WHAT TO PRODUCE — The required output is the lines below from the line containing "Inspired by the" to the line containing "为有序做好桂林往返哈尔滨航线", inclusive, retyped exactly. No other lines belong in it.

RECORDS —
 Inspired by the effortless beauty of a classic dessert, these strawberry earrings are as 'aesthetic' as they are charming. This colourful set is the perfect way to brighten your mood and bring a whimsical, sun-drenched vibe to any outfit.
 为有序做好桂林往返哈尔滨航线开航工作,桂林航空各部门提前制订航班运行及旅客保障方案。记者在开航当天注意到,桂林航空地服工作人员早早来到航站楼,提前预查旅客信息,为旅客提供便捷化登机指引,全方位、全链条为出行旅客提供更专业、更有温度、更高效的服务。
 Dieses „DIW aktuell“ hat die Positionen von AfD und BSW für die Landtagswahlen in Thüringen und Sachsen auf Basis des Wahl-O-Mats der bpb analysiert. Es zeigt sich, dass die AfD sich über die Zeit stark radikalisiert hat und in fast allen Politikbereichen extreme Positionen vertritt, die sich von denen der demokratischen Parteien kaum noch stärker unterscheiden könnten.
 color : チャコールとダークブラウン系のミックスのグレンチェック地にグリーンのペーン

---

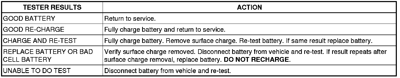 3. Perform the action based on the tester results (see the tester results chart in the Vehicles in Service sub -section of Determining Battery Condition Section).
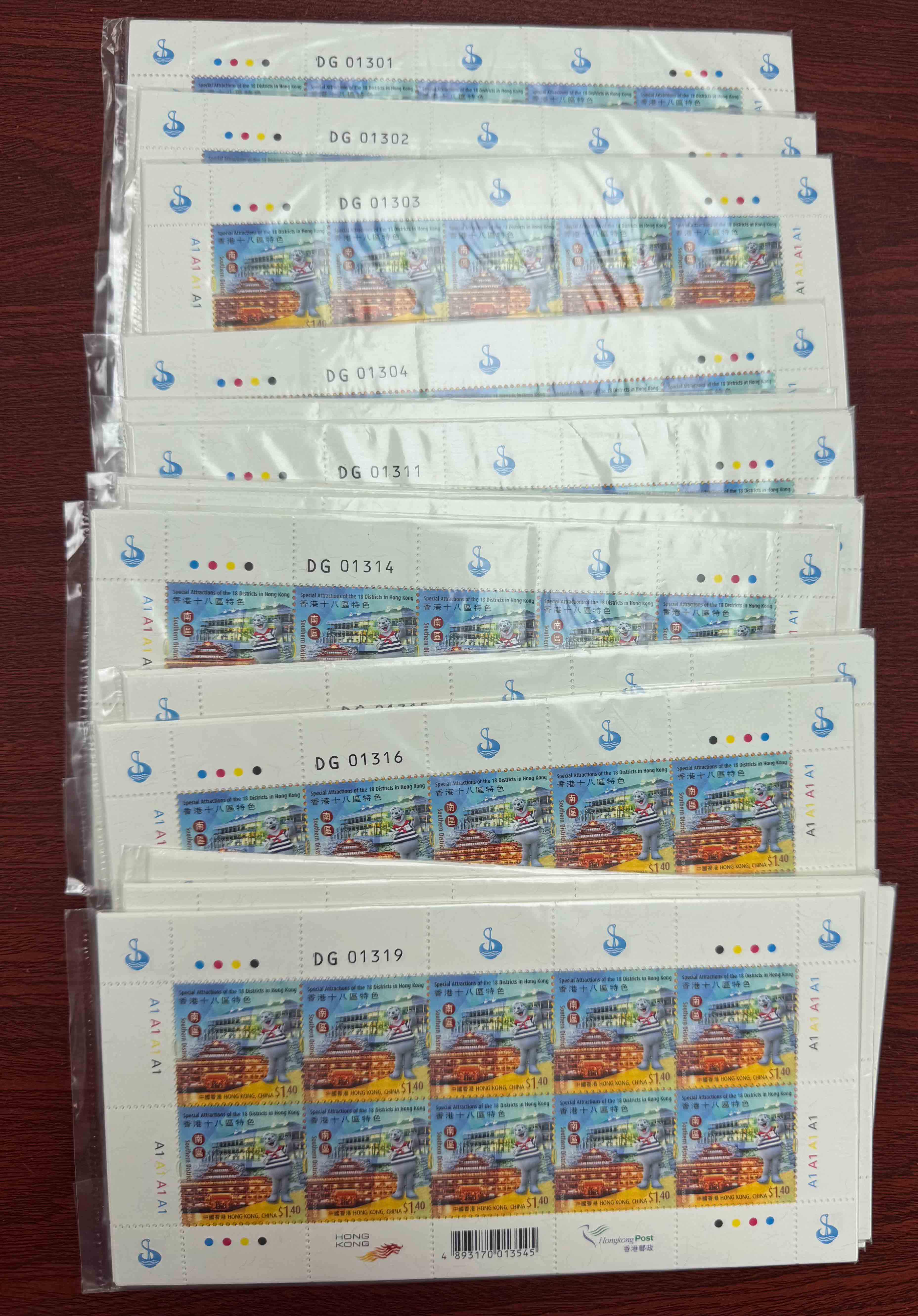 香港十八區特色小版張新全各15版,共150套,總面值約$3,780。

OUTPUT FOR THIS EXERCISE —
 Inspired by the effortless beauty of a classic dessert, these strawberry earrings are as 'aesthetic' as they are charming. This colourful set is the perfect way to brighten your mood and bring a whimsical, sun-drenched vibe to any outfit.
 为有序做好桂林往返哈尔滨航线开航工作,桂林航空各部门提前制订航班运行及旅客保障方案。记者在开航当天注意到,桂林航空地服工作人员早早来到航站楼,提前预查旅客信息,为旅客提供便捷化登机指引,全方位、全链条为出行旅客提供更专业、更有温度、更高效的服务。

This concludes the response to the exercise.